Sometimes, of course, there are drugs that are “blockbusters”, and they are not always the most expensive cancer drugs. They are big because they treat (or sometimes are thought to treat) conditions that are very common, so that there are millions of users. These are not as likely to support the development of new hospital product lines (where the profit-per-user has to be very high) but make a lot of money for the manufacturers. In the past these have included anti-anxiety drugs of the benzodiazepine class (eg., Valium ®, Librium ®), non-steroidal anti-inflammatory drugs (NSAIDs) for arthritis pain (including a few taken off the market for major side effects like Vioxx ®), and most recently “statin” drugs that reduce cholesterol. These drugs not only work for that purpose, they seem to have other beneficial effects in prevention of heart disease, the reasons for which are not entirely understood, so they are very popular. While selling such heavily-used drugs is always profitable, the greatest profit comes in the first decade (or so) when it is under patent and there are no generic competitors.

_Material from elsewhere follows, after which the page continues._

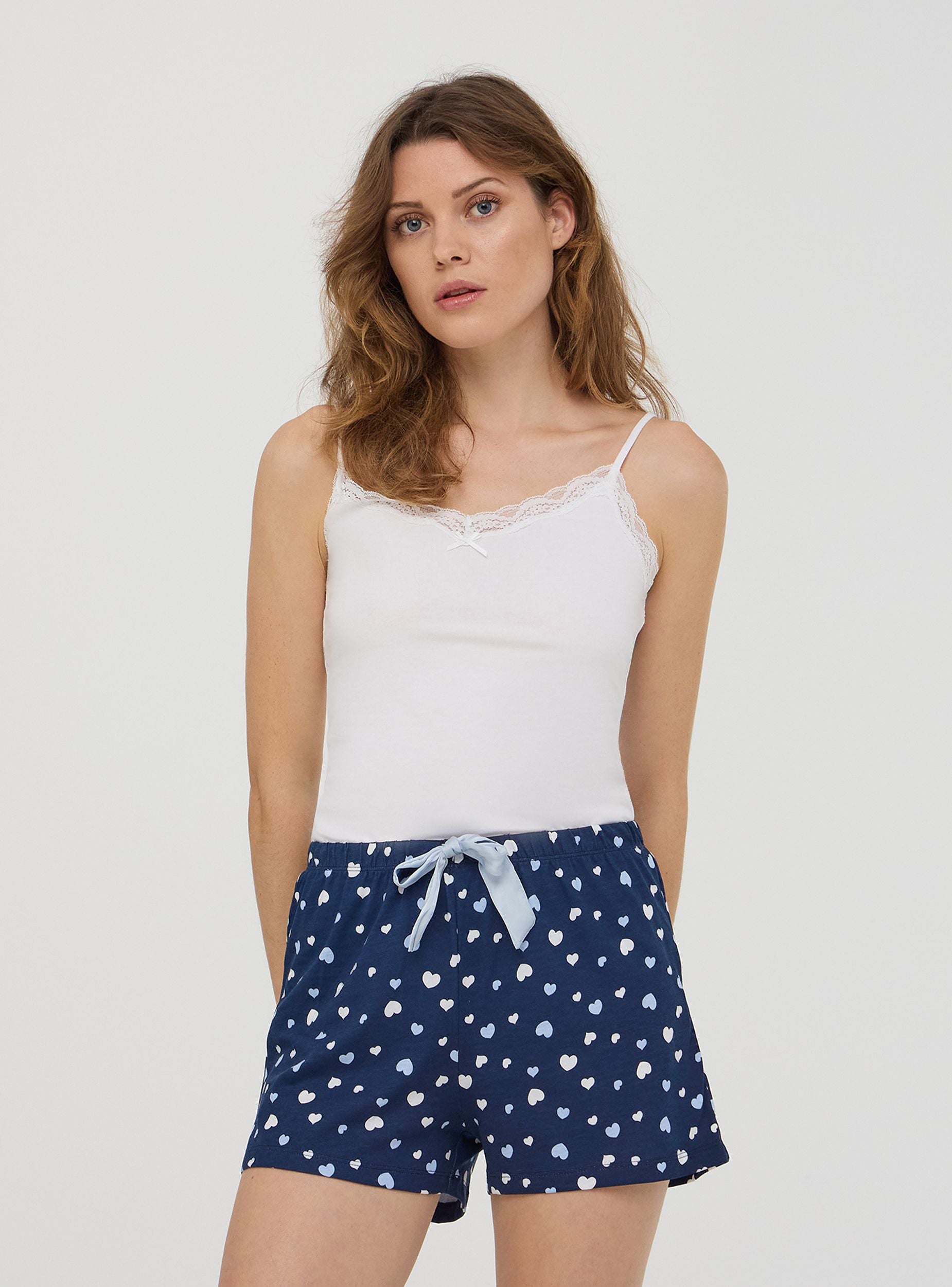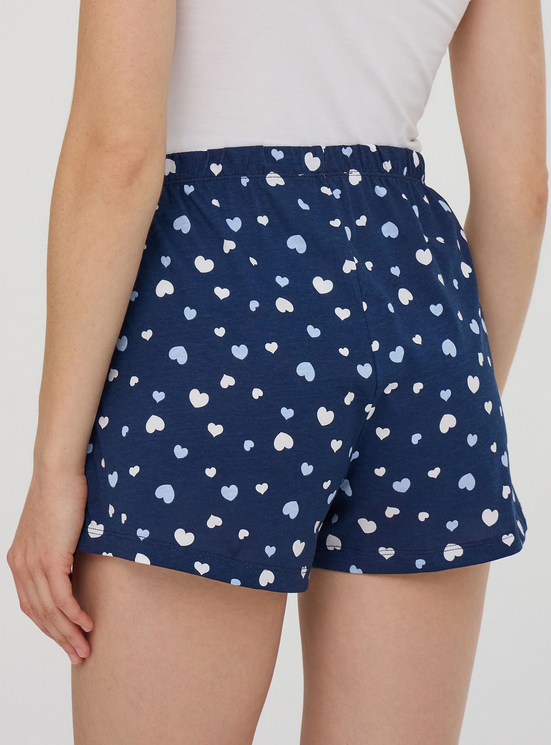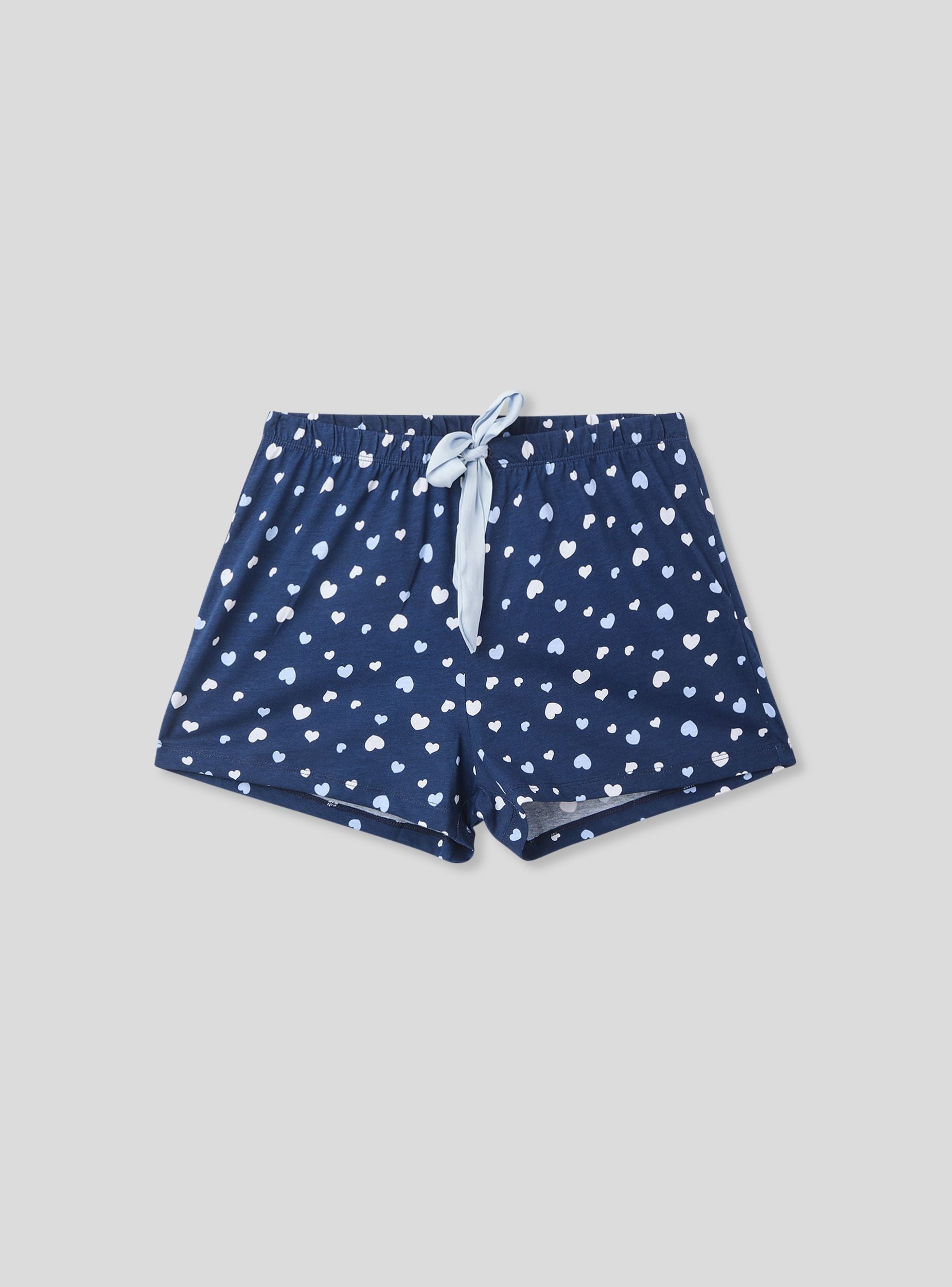 Pantaloncini del pigiama da donna perfetti per notti comode e rilassanti. Caratterizzati da una fantasia romantica di cuori, sono corti e dotati di una pratica coulisse in vita per una vestibilità regolabile. Ideali per un look femminile e confortevole, pensati per le serate di relax in casa.Dettagli

In a recent Perspective, “Generic atorvastatin and health care costs”, in the New England Journal of Medicine, Jackevicius and colleagues look at the impact of the costs of statin drugs on health care costs by examining the projected savings on atorvastatin, initially sold as Lipitor®, which became generic this last November. They used the data on the gradual price reduction that followed simvastatin (Zocor®) becoming generic in 2006. There are some differences; atorvastatin is more potent than simvastatin and less likely to cause muscle pain (myopathy), so it may be preferable to many. When neither was generic, Lipitor® had by far the biggest share of the market, but when simvastatin became generic in 2006, it became the biggest seller, with Lipitor® dropping precipitously and brand name Zocor® almost disappearing. Because of its two advantages (greater potency, less myopathy) generic atorvastatin should become the number one statin in the near future. The savings are projected to be enormous: “The overall cost savings from the availability of generic atorvastatin are projected to reach $4.5 billion annually by 2014, equivalent to 23% of total expenditures on statins in that year.”
That’s a lot of money. It is good to be saving it. However, that “saving” means that we have been spending it for the last decade or more. Yes, drug companies deserve to make a profit. Yes, there are investments made that need to be recouped. But this – like, if perhaps not quite so egregious as what we have seen lately in the financial sector – seems to be excessive.
We should not use drugs that harm us or are unnecessary. The question is can we, as individuals or a society, afford to pay so much for the drugs we need in order for their profits to be so high?